The version of "Khovantxina" of Modest Mussorgsky orchestrated by Shostakovich in 1959 is much longer than the classical one of Rimsky Korsakov of 1860. Shostakovich did not want to cut nothing of the original and he added to it an orchestration magnificent, full of delicacy and of emotion. Following the manifesto of the "Group of the Five", to whom Mussorgsky belonged, Shostakovich rebels against the ordinariness and the triviality, giving a value typical of pure, absolute music, untied of the story plot, on the independent part of the text.
On the other hand, following the postulates of the same manifesto, Mussorgsky had freed the lyrical music from the traditional molds, to subordinate it rigorously to the dramatic situation and the demands of the text. "The vocal music in the theater has to be in perfect agreement with the sung text", like the Gregorian one in the Catholic churches.
The result can not be better: a choral fresco of the Russian people, of the Russian -mystical, war, imperial soul, worried collectively by the autocracy, marked by the immovable Asian essences- that it expresses its fears, its impotence in the face of the cruelty of the history and at the same time the permanence of the rock-rose origin with its eternal return.
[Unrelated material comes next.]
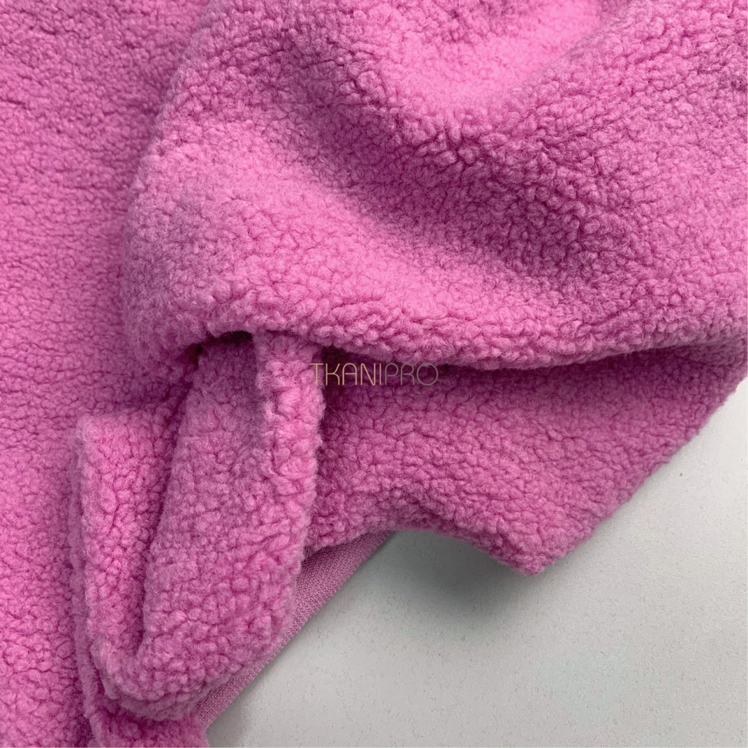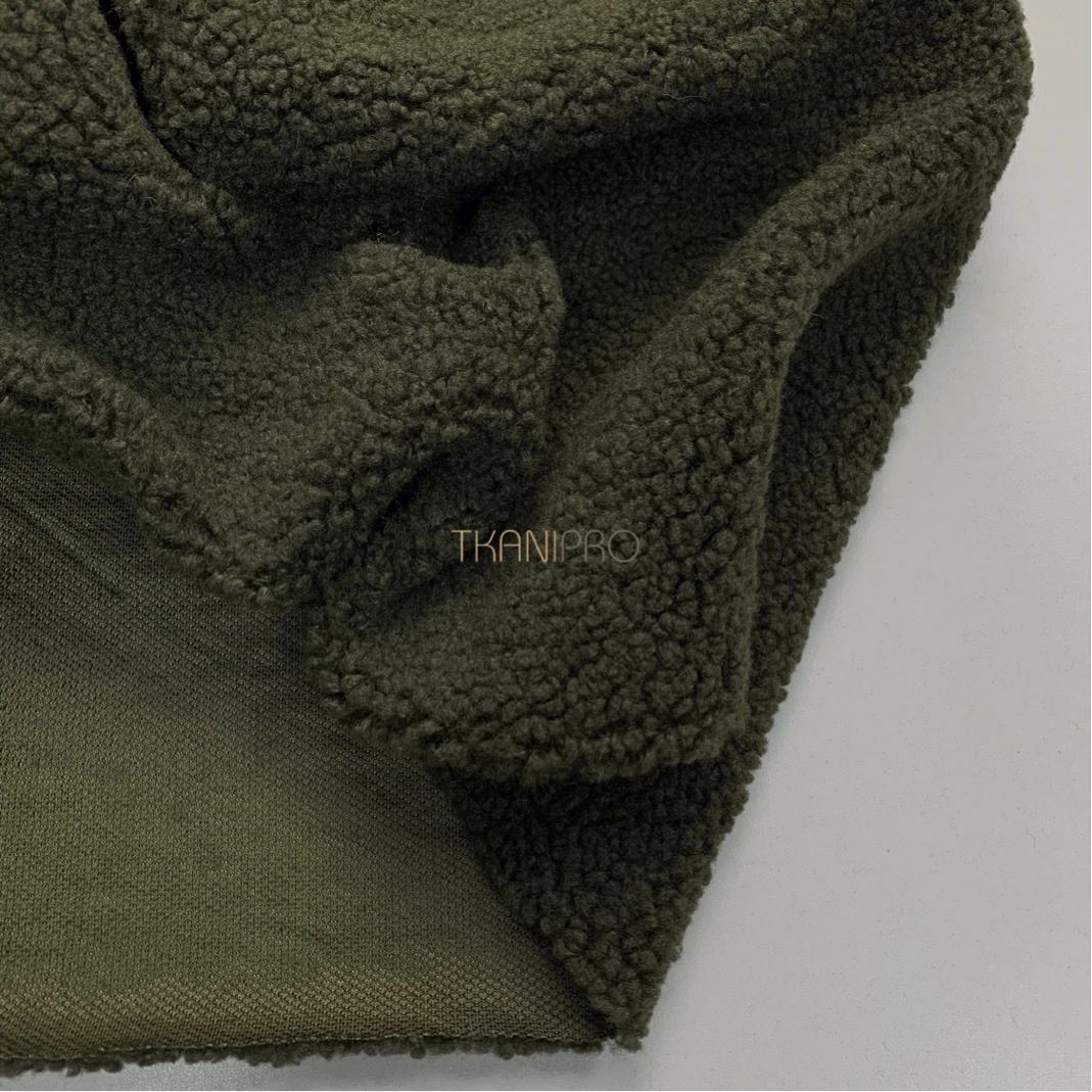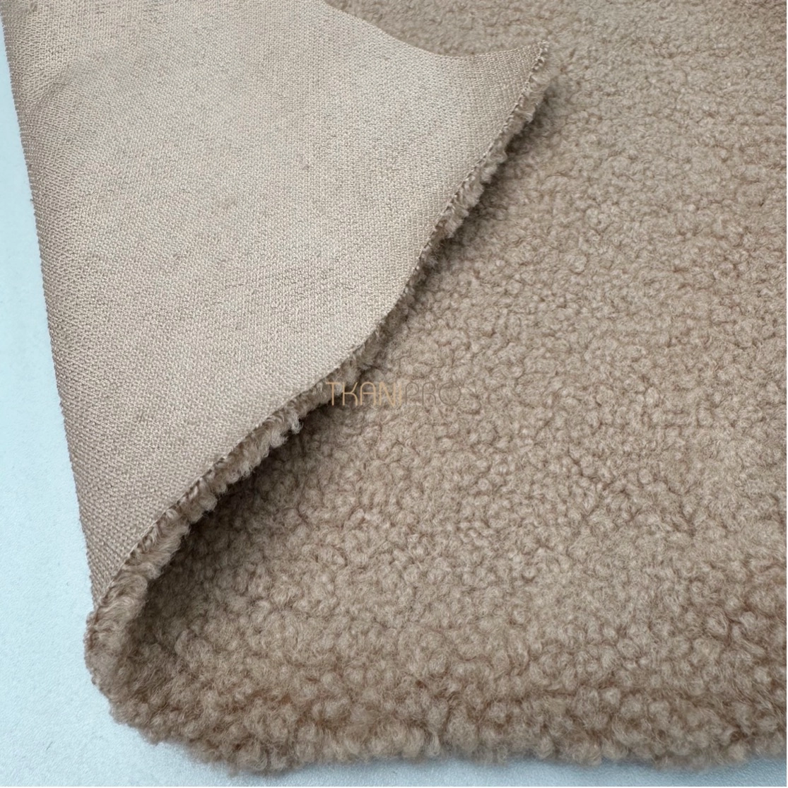 Искусственный мех "Тедди" характеризуется мягкой, бархатистой текстурой с коротким ворсом, создающей уютный и теплый эффект. Поверхность ткани напоминает мех плюшевых медведей, что делает её особенно приятной на ощупь. Мягкий, густой ворс высотой до 5 мм. Пластичный, хорошо драпируется. С изнанки трикотажная основа, немного тянется поперек кромки. На сгибе ткани не видна трикотажная основа, благодаря густому ворсу.

Thus, the scenes of masses, magnificently made for the direction of Stein Winge, cause some of the popular chores more beautiful of the history of the opera: the acclamation as "father" and "white swan" of the autocrat or the ritual of the suicide of the schismatics.
"Khovantxina" is essentially a choral opera. The scenario of the Lyceum transforms into a metaphor of Russia: anything of individual characters who plot a story let's tell it at the Italian mode, but a History that passes above them, immutable and cruel, and swallows them; the force of which the music of Shostakovich portrays.